Re: [DISCUSS] Filesystem in PyIceberg

Steve Loughran Tue, 13 Aug 2024 03:36:14 -0700

On Tue, 13 Aug 2024 at 03:50, Xuanwo <xua...@apache.org> wrote:

> Hi, André
>
> Thanks a lot for starting this thread.
>
> List operations on storage services are expensive and slow. That's why
> Iceberg is designed to store metadata in files and avoid using list
> operations in FileIO. However, `orphan file removal` or `garbage cleanup`
> are special tasks that do require scanning the entire storage location and
> comparing it with our existing metadata files.
>


Not quite.

Listing via treewalking is awful because it has both high latency on "pure"
object stores with client-side mimiced directories.
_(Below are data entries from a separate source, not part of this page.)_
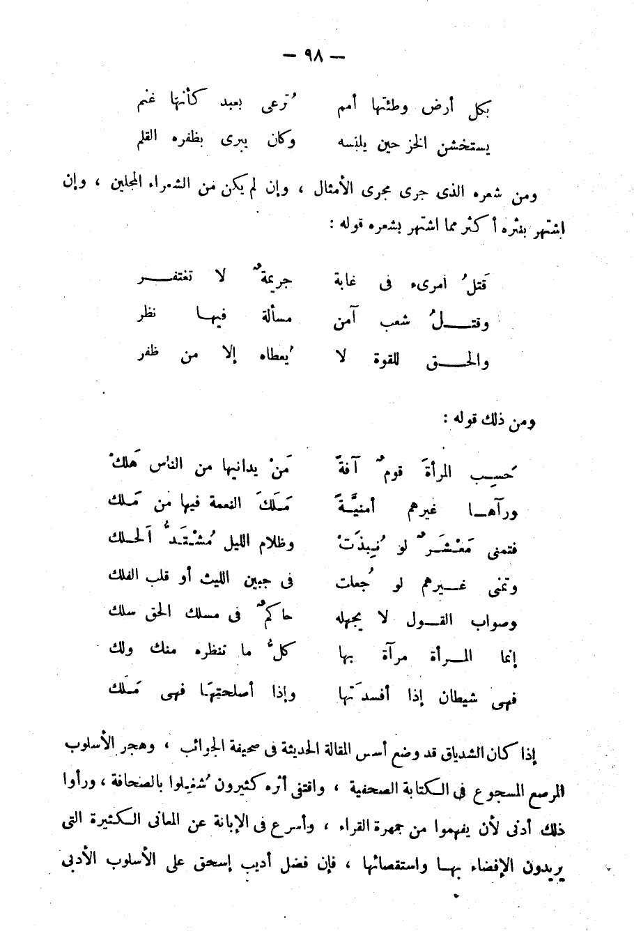 هذا النهضة الصحفية خلصت اللغة من أسرها القديم، وأوضارها التي ورثتها من عصور الضعف، وخاضت في موضوعات شتَّى كما ذكرنا، وسلس الأسلوب، واحتذى الصحفيون أسلوب ابن خلدون في مقدمته، وذلك الأسلوب المرسل السهل، وإذا وازنَّا بين أسلوب النثر الصحفيّ في هذا العهد الذي نتحدث عنه، وأسلوب الكتابة في العصر السابق, وجدنا البَوْنَ شاسعًا، وقد مرَّت بك نماذج من هذه الكتابة الصحفية, يتجلى فيها أثر التحرر اللغويّ والفكريّ، وقوة البيان، وطرافة الموضوع، وإليك ما قال بعض قادة النهضة الصحفية في الحثِّ على العلم والاهتمام بالبيان، وطريقة الكتابة، راسمين للشادين في الصحافة الطريقة القويمة.
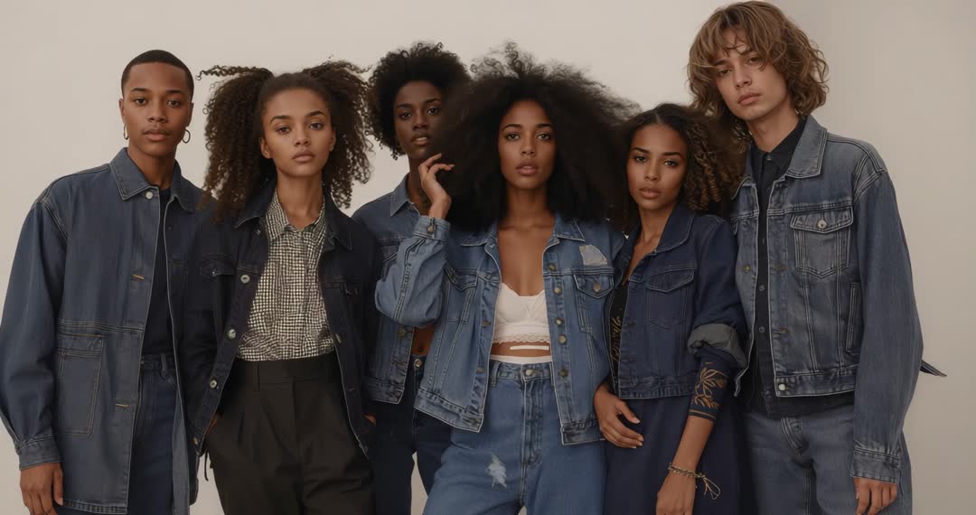 AI Generated Video. Diverse models wearing trendy denim outfits appear in a studio emphasizing style and unity. Captures contemporary fashion trends along with collaboration and youthful elegance. Great for fashion industry visuals, style magazines, advertising campaigns.
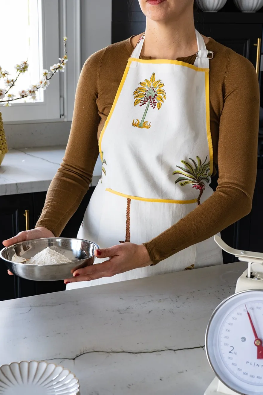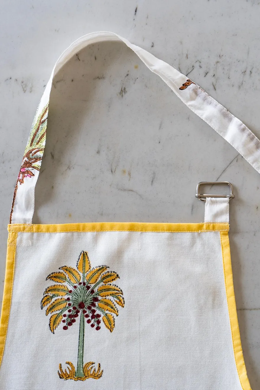 Delantal con bolsillo en la parte frontal, 100% algodón con diseño Kala, cuyo significado es “Arte”, pintado a mano en la India.
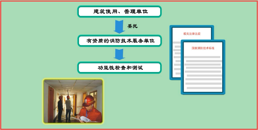 年度檢測是建筑使用、管理單位按照相關法律法規(guī)和消防技術標準,每年度開展的定期功能性檢查和測試;建筑使用、管理單位的年度檢測可以委托具有資質的消防技術服務單位實施。年度檢測內容和要求見本章第四節(jié)“系統(tǒng)的檢測與驗收”中“系統(tǒng)檢測”的內容。
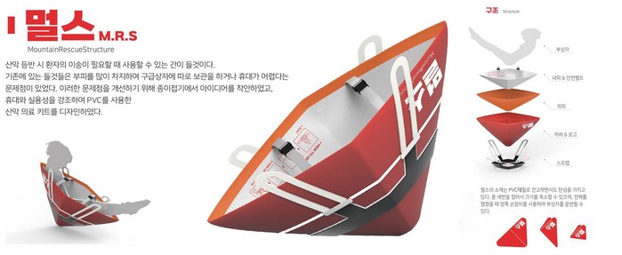 최우수상(한국환경산업기술원장상, 상금 300만원)에는 최유나, 박지영, 이현희 팀의 ‘멀스’ 작품으로, 산악 등반 시 환자의 이송이 필요할 때 사용할 수 있는 간이 들것이며, 휴대와 실용성을 강조한 산악키트 형태의 작품이 선정됐다.
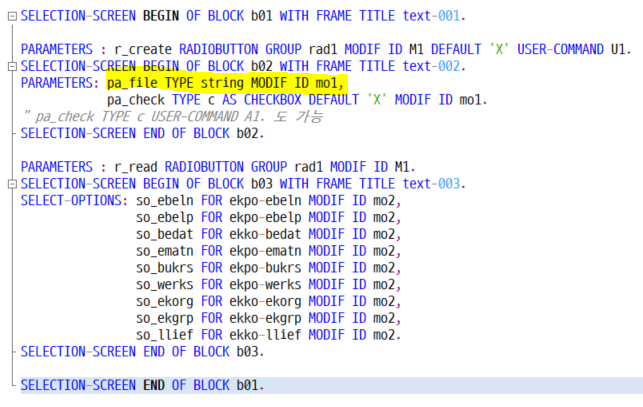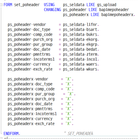 " BAPI LOOP AT pt_seldata INTO ls_seldata. " PO HEADER 문서 설정 IF ls_poheader IS INITIAL. PERFORM set_poheader USING ls_seldata CHANGING ls_poheader ls_poheaderx. MOVE-CORRESPONDING ls_seldata TO ls_savdata. ENDIF.
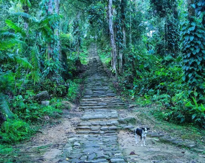 Het laatste stuk van het pad naar de Verloren Stad bestaat uit een steile trap met 1200 treden in verschillende vormen en grootten. Het beklimmen van de trap is zwaar, maar wanneer u de top bereikt, kunt u uzelf een klopje op de schouder geven en van het adembenemende uitzicht genieten. Het gebied van 35 hectare herbergt een complex van gebouwen, wegen en trappen die door meer dan 150 terrassen, pleinen en stenen wegen met elkaar verbonden zijn. De gebouwen en wegen liggen verspreid over de berghellingen. Vanaf de top heeft u een fantastisch uitzicht over de dichte jungle en het indrukwekkende ruïnecomplex.
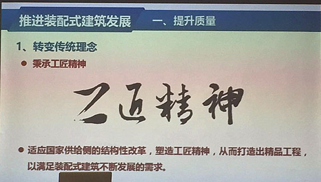 在交流沙龙中,王恩伟总经理就装配式建筑过程中如何“提升质量”和“降低成本”这两个方面做出了重要分享。他提出,建筑行业唯有完善制度、降低成本、保证品质,以装配式建筑促转型升级,才能实现中国建筑行业的日渐强大。
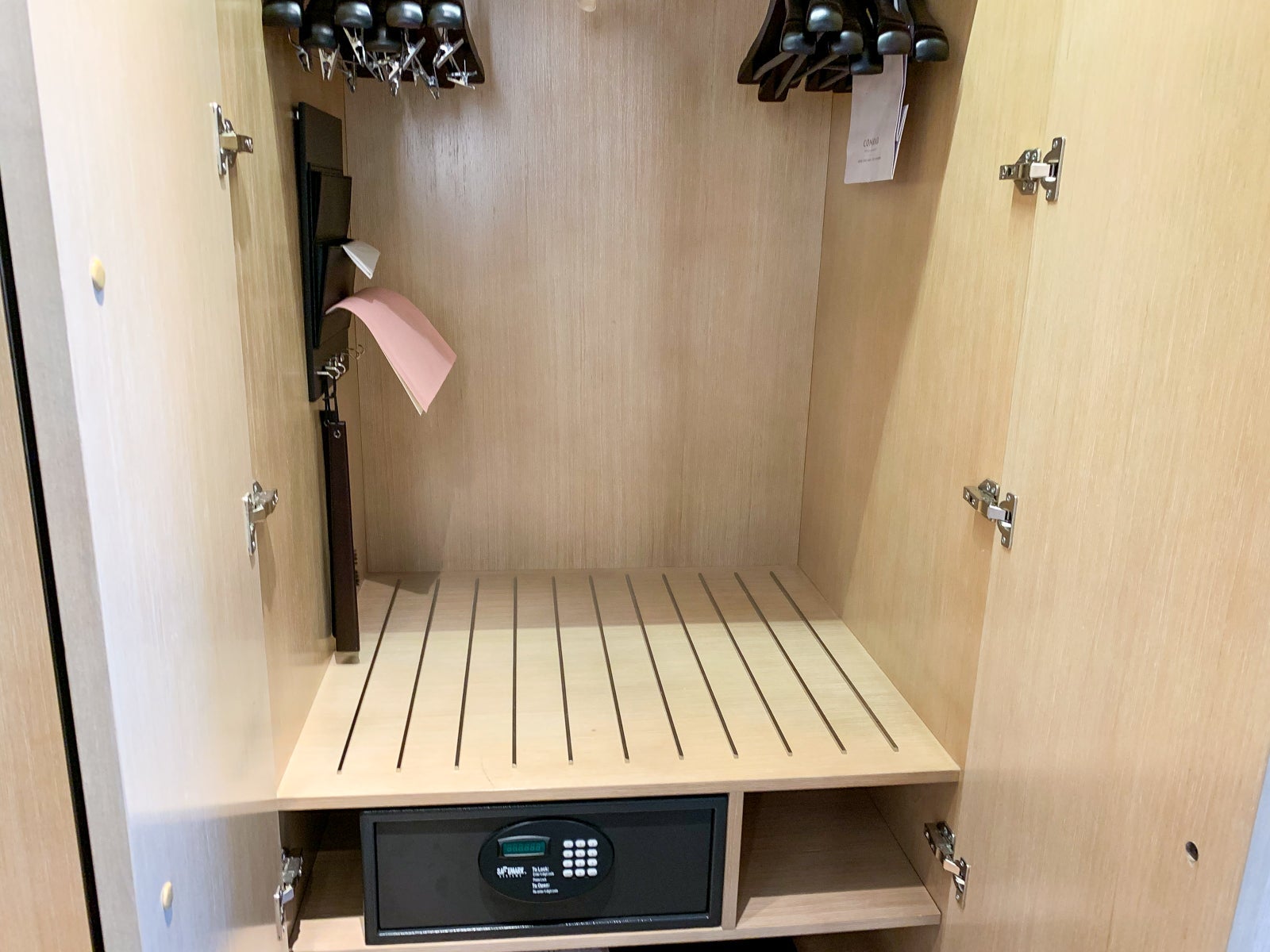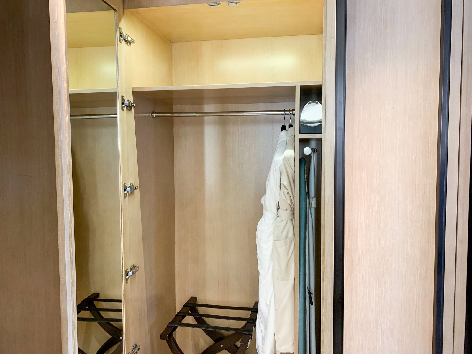 There were two closets, two bathrobes and slippers, a deep safe and plenty of spots to store clothes for a few nights' stay. The only thing extra I would have liked was an oversized umbrella.
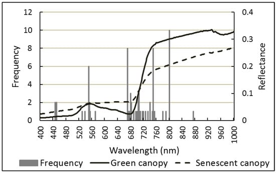 Frequency of wavelengths used in all the vegetation indices (listed in Table 1). The grey bars represent frequency of different wavelengths. The solid curve is a typical reflectance of green canopies and the dashed curve is of a senescent canopy (i.e., mixed green and senescent vegetation).
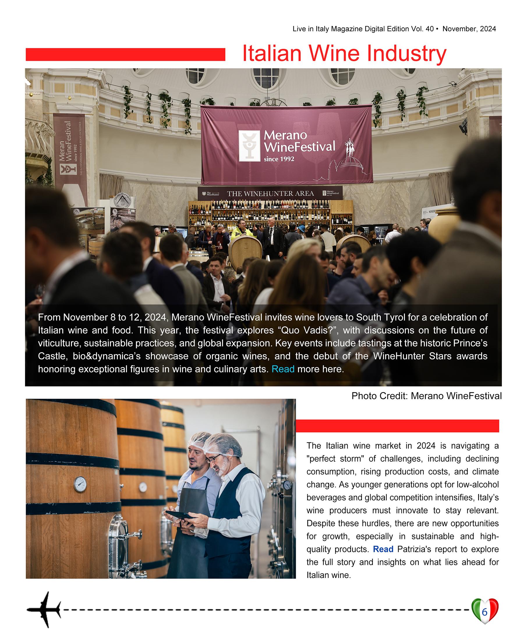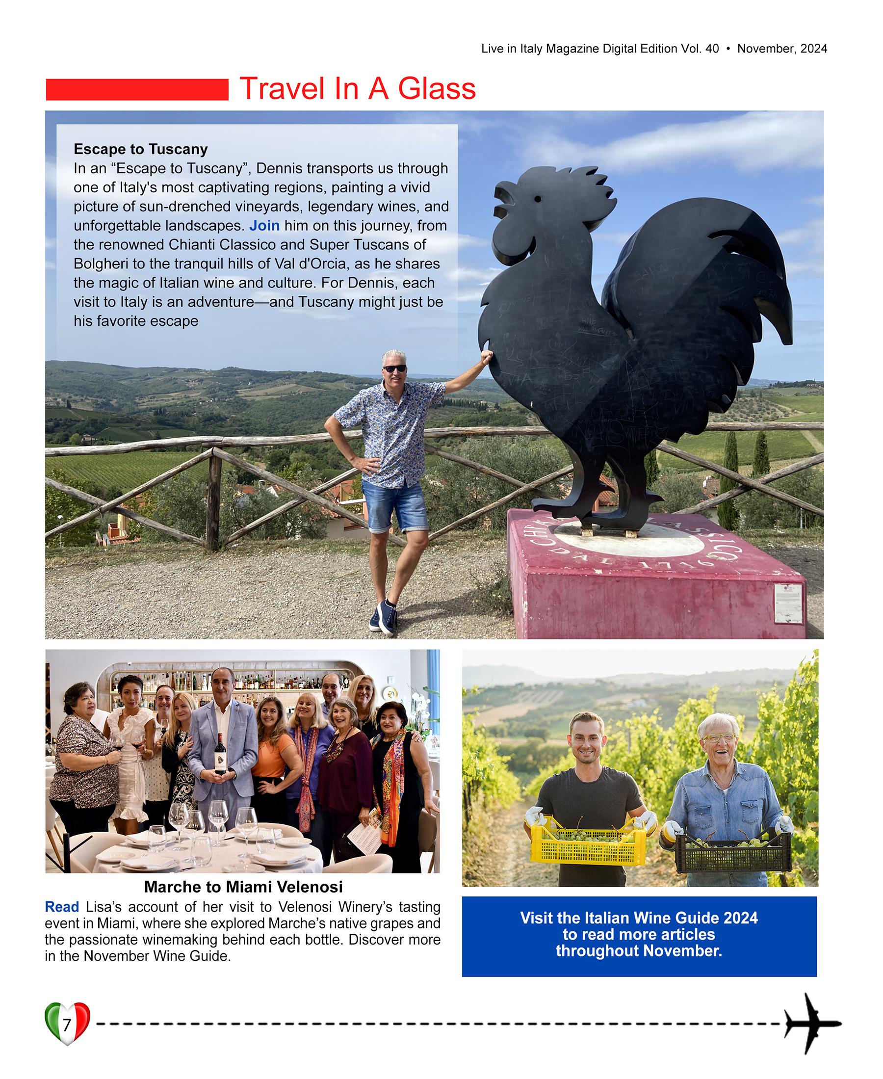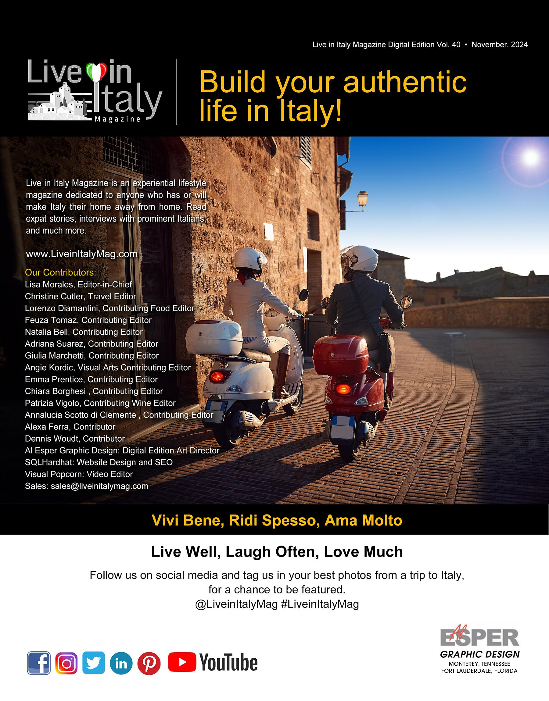 This November, immerse yourself in the essence of Italian culture, travel, and fine wines. Our cover story features an exclusive interview with Audrey and Manlio of Travels with Audrey, revealing their approach to authentic Italian travel in Friuli-Venezia Giulia, from historic sites to artisanal wines. This month also marks the debut of our 2024 Italian Wine Guide, showcasing in-depth articles on Tuscany’s legendary vineyards, native grapes from Marche, and insights on Italy’s evolving wine industry. Explore the Merano WineFestival, Emozioni in Malga in Alto Adige, and the latest on direct flights from LA to Rome. Each article invites you to discover Italy’s timeless charm this holiday season.
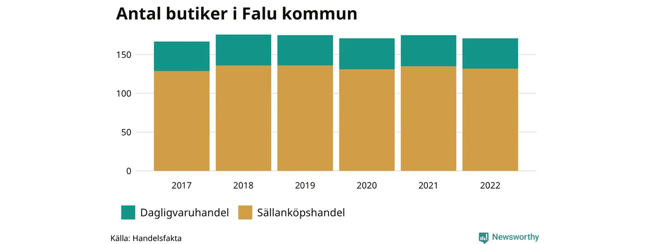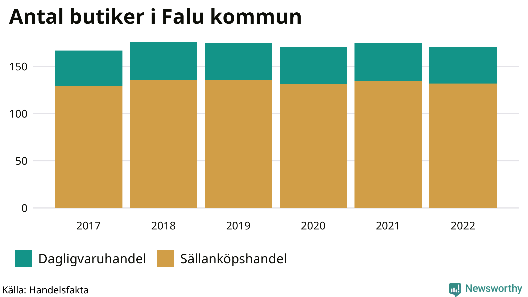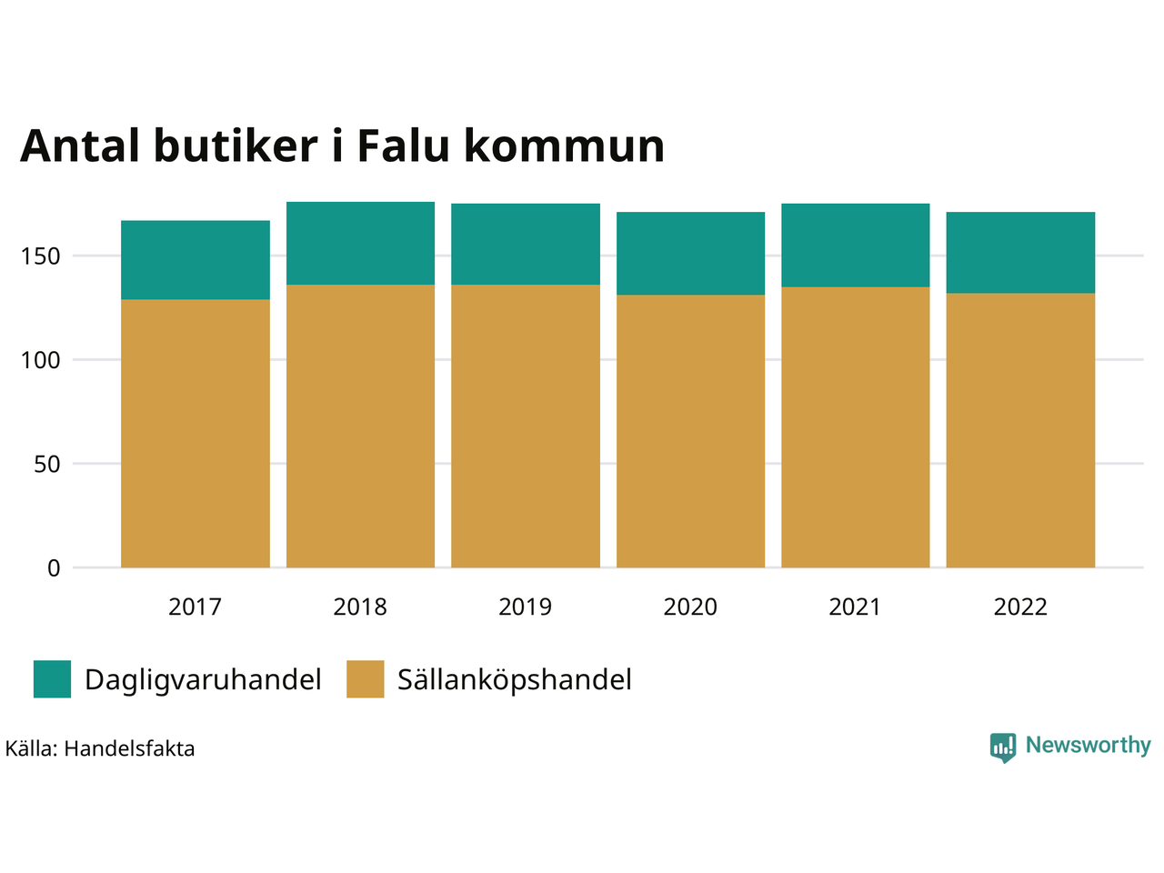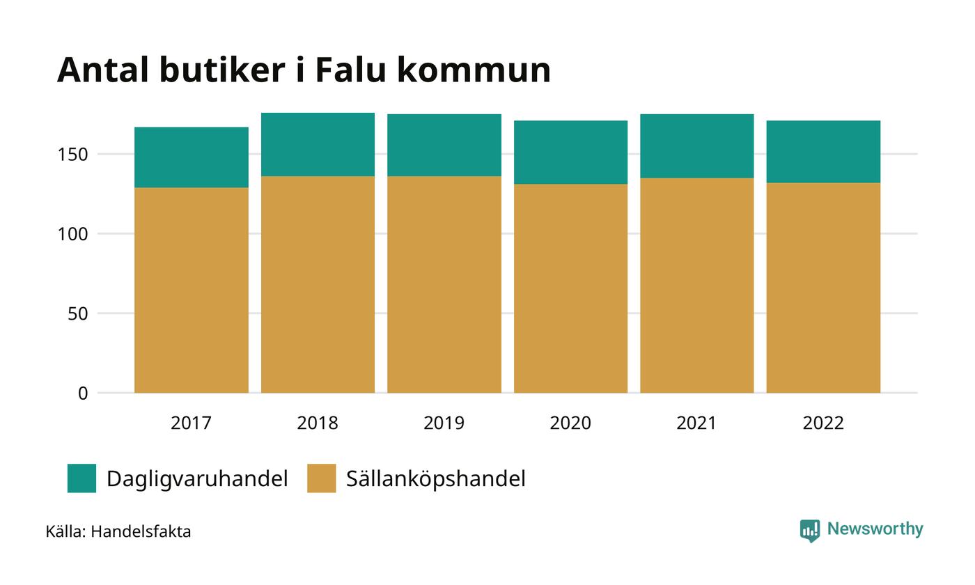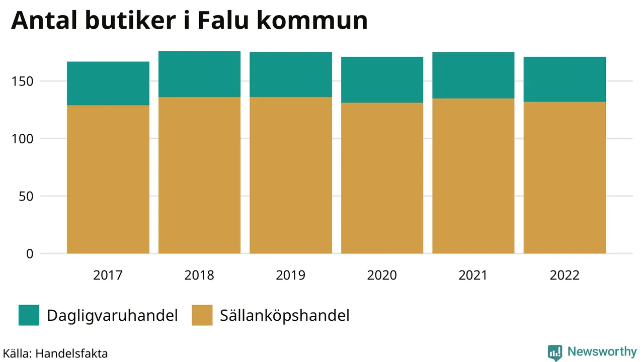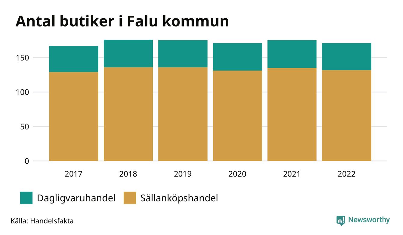 I Falu kommun har antalet butiker däremot ökat. Den 30 november 2022 fanns 171 butiker i kommunen, vilket är fyra färre än året innan men fyra fler än 2017.

And you will pay per
LIST call.

In S3, as implemented by S3FileIO and HadoopIO, the the
SupportsPrefixOperations.listPrefix() operation is independent of directory
structure and instead just O(files). Results come back in pages, about 1000
or so. If you have versioned buckets you'll get less if there are many
overwritten/tombstoned objects. To compensate for this you should really
schedule processing of data into separate threads from that during the
listing. This is actually beneficial on classic tree walks on high-latency
stores with "read" directories -including Azure ADLS Gen2.




>
> I believe that if there is a way to ensure all engines use List operations
> correctly ( don't abuse list! ), it would be beneficial for us to introduce
> list files in FileIO.
>
> > I believe that if there is a way to ensure all engines use List
operations correctly ( don't abuse list! ), it would be beneficial for us
to introduce list files in FileIO.

Given SupportsPrefixOperations exists: use listPrefix()
Similarly, use SupportsBulkOperations.deleteFiles() for bulk deletion

You should actually be able to wire them up, either directly:
deleteFiles(listPrefix(path)), or more interestingly, with a filter in
between. This would integrate paged LIST results with paged single/bulk
delete calls.

The S3FileIO.deleteFiles() and the hadoop 3.4.1 variant (which will be
ready for review once we ship that)
https://github.com/apache/iceberg/pull/10233 can both do the bulk delete in
aggregate calls, which S3FileIO well actually do asynchronously. Each row
in the batch counts as one write operation and is trivial to trigger
throttling; if the AWS SDK is doing the retries you wouldn't even directly
notice it -but all clients writing to that S3 shard will be delayed. Being
aggressive here is a bit antisocial for any background vacuuming task.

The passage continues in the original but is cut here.